__Requirement__
Look below for the line containing "정성호 더불어민주당 의원이"; from there, print each line exactly up to and including the line containing "Kate Winslet, ödül", and stop.

__Data provided__
_ _ _ _ _

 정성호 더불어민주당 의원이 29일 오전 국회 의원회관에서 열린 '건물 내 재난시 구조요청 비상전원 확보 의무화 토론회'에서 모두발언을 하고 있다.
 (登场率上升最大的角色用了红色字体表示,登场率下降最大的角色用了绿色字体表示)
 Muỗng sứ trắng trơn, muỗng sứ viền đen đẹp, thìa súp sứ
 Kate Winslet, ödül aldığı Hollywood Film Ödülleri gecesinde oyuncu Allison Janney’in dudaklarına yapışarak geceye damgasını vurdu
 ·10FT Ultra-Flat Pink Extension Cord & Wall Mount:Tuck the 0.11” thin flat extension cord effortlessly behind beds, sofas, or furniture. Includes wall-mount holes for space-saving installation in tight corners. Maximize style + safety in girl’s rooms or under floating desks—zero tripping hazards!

_ _ _ _ _

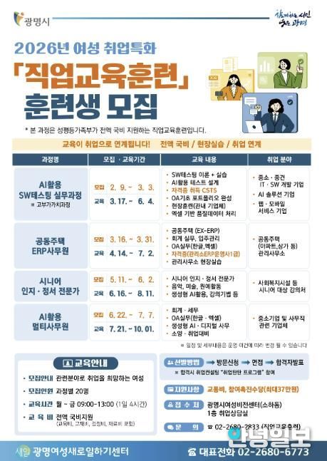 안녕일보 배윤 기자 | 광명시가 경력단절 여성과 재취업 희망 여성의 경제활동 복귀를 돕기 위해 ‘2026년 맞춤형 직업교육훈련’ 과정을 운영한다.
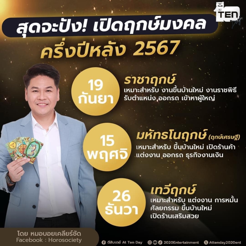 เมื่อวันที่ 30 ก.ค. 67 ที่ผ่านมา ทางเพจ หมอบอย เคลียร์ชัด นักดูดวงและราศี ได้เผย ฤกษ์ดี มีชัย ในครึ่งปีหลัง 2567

_ _ _ _ _

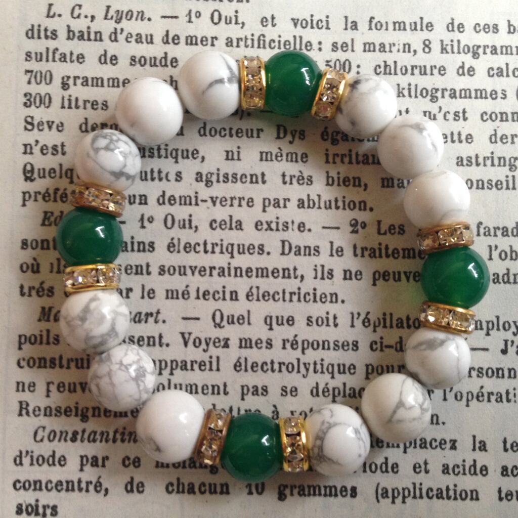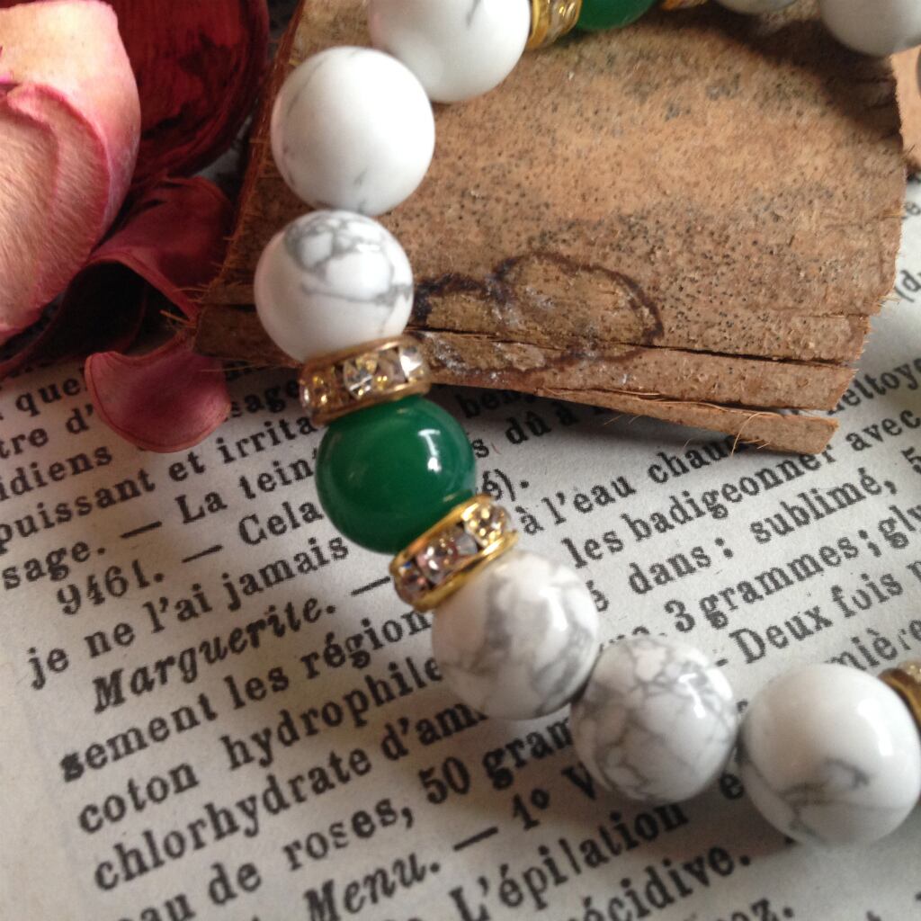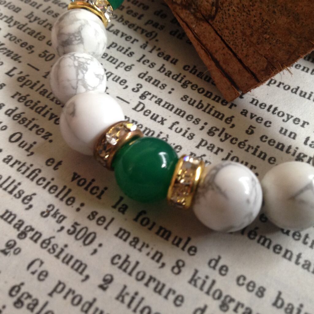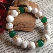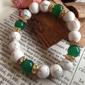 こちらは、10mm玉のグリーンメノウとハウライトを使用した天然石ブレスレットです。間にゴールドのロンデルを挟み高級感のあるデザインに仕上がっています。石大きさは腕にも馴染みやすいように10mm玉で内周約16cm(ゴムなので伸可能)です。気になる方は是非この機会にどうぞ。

_ _ _ _ _

__Answer space__
 정성호 더불어민주당 의원이 29일 오전 국회 의원회관에서 열린 '건물 내 재난시 구조요청 비상전원 확보 의무화 토론회'에서 모두발언을 하고 있다.
 (登场率上升最大的角色用了红色字体表示,登场率下降最大的角色用了绿色字体表示)
 Muỗng sứ trắng trơn, muỗng sứ viền đen đẹp, thìa súp sứ
 Kate Winslet, ödül aldığı Hollywood Film Ödülleri gecesinde oyuncu Allison Janney’in dudaklarına yapışarak geceye damgasını vurdu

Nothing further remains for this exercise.